Prompt —
Up to and including the line that contains "Δαχτυλίδι από ατσάλι", write out every line of the entries exactly, beginning with the first. Omit the pictures.
[Available data]
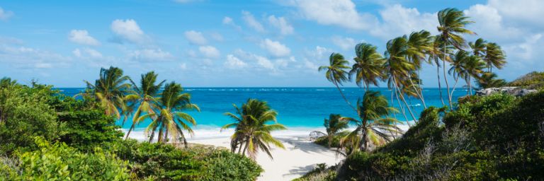 A view of the Caribbean Sea from the white sand beach with several palm trees in the foreground.
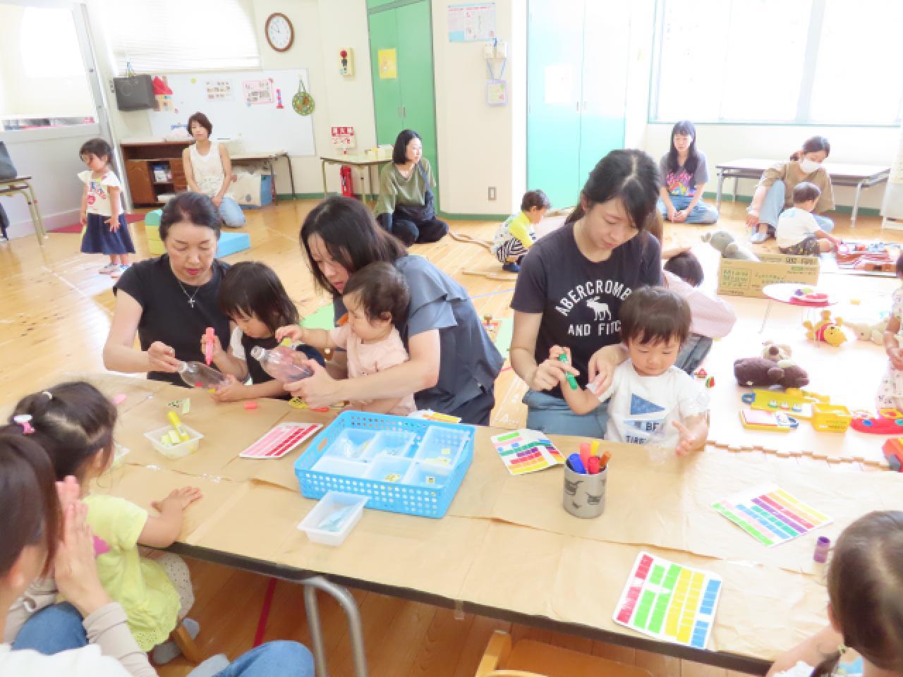 遊んでいるうちに、水の出方の違いに気づいたお子さんや、自然と道具の貸し借りをして 交流していた子どもたちもいました。
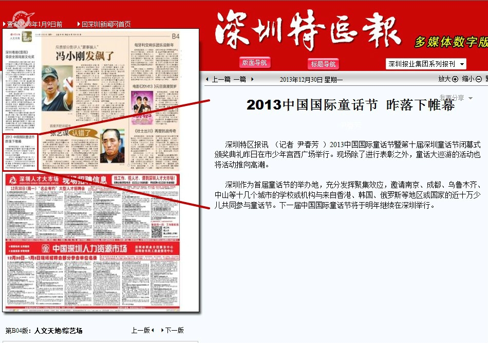 〖深圳特区报〗2013中国国际童话节昨落下帷幕
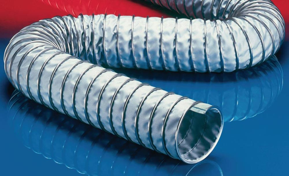 Hochtemperaturschlauch, Klemmprofilschlauch, (bis +500°C) Anwendungen: · flexibler Schlauch für heiße und kalte Gase · Motorprüfstand, Abgasmessung · Hochtemperaturabsaugung: Ofen, Gießerei, Hochofen, Schmelze, Keramikindustrie, Glasindustrie, Stahlwerk, Aluminiumhütte · Faltenbalg, Kompensator Eigenschaften: Scheuerschutz durch äußeres Klemmprofil · zugfeste Verklemmung der Wandung im Klemmprofil · hochflexibel + stauchbar · sehr gut hitzebeständig · RoHS konform Temperaturbereich: · -60°C bis 450°C · kurzzeitig bis 500°C
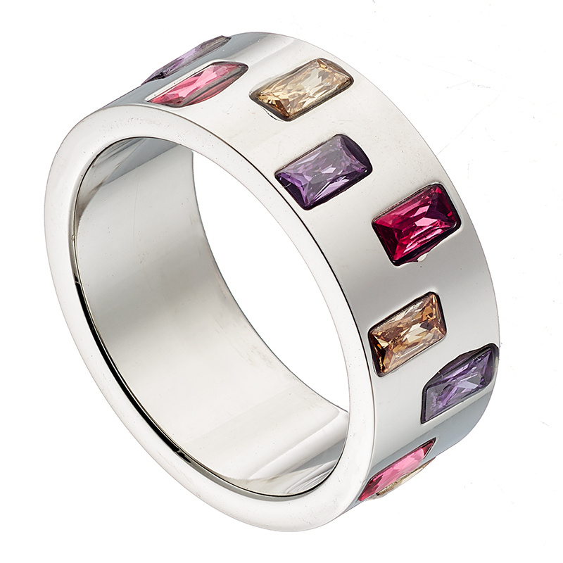 Δαχτυλίδι από ατσάλι ασημί βέρα με χρωματιστά ζιργκόν
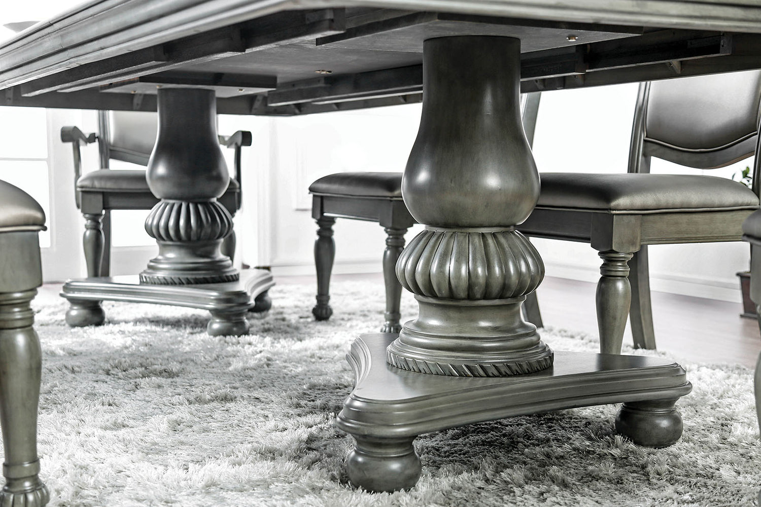 Shine up your silverware, bring out the glassware and get ready for the dinner party of the century with this glorious, traditional style dining table. The ornate double pedestal base provides the perfect structure for the crisscross patterned table top that, with its large 24-inch expandable leaf, can fit all the friends and family you can imagine. Pair with upholstered chairs featuring espresso leatherette, rope-like trim and elegant carved legs.
[/Available data]
Task answer —
 A view of the Caribbean Sea from the white sand beach with several palm trees in the foreground.
 遊んでいるうちに、水の出方の違いに気づいたお子さんや、自然と道具の貸し借りをして 交流していた子どもたちもいました。
 〖深圳特区报〗2013中国国际童话节昨落下帷幕
 Hochtemperaturschlauch, Klemmprofilschlauch, (bis +500°C) Anwendungen: · flexibler Schlauch für heiße und kalte Gase · Motorprüfstand, Abgasmessung · Hochtemperaturabsaugung: Ofen, Gießerei, Hochofen, Schmelze, Keramikindustrie, Glasindustrie, Stahlwerk, Aluminiumhütte · Faltenbalg, Kompensator Eigenschaften: Scheuerschutz durch äußeres Klemmprofil · zugfeste Verklemmung der Wandung im Klemmprofil · hochflexibel + stauchbar · sehr gut hitzebeständig · RoHS konform Temperaturbereich: · -60°C bis 450°C · kurzzeitig bis 500°C
 Δαχτυλίδι από ατσάλι ασημί βέρα με χρωματιστά ζιργκόν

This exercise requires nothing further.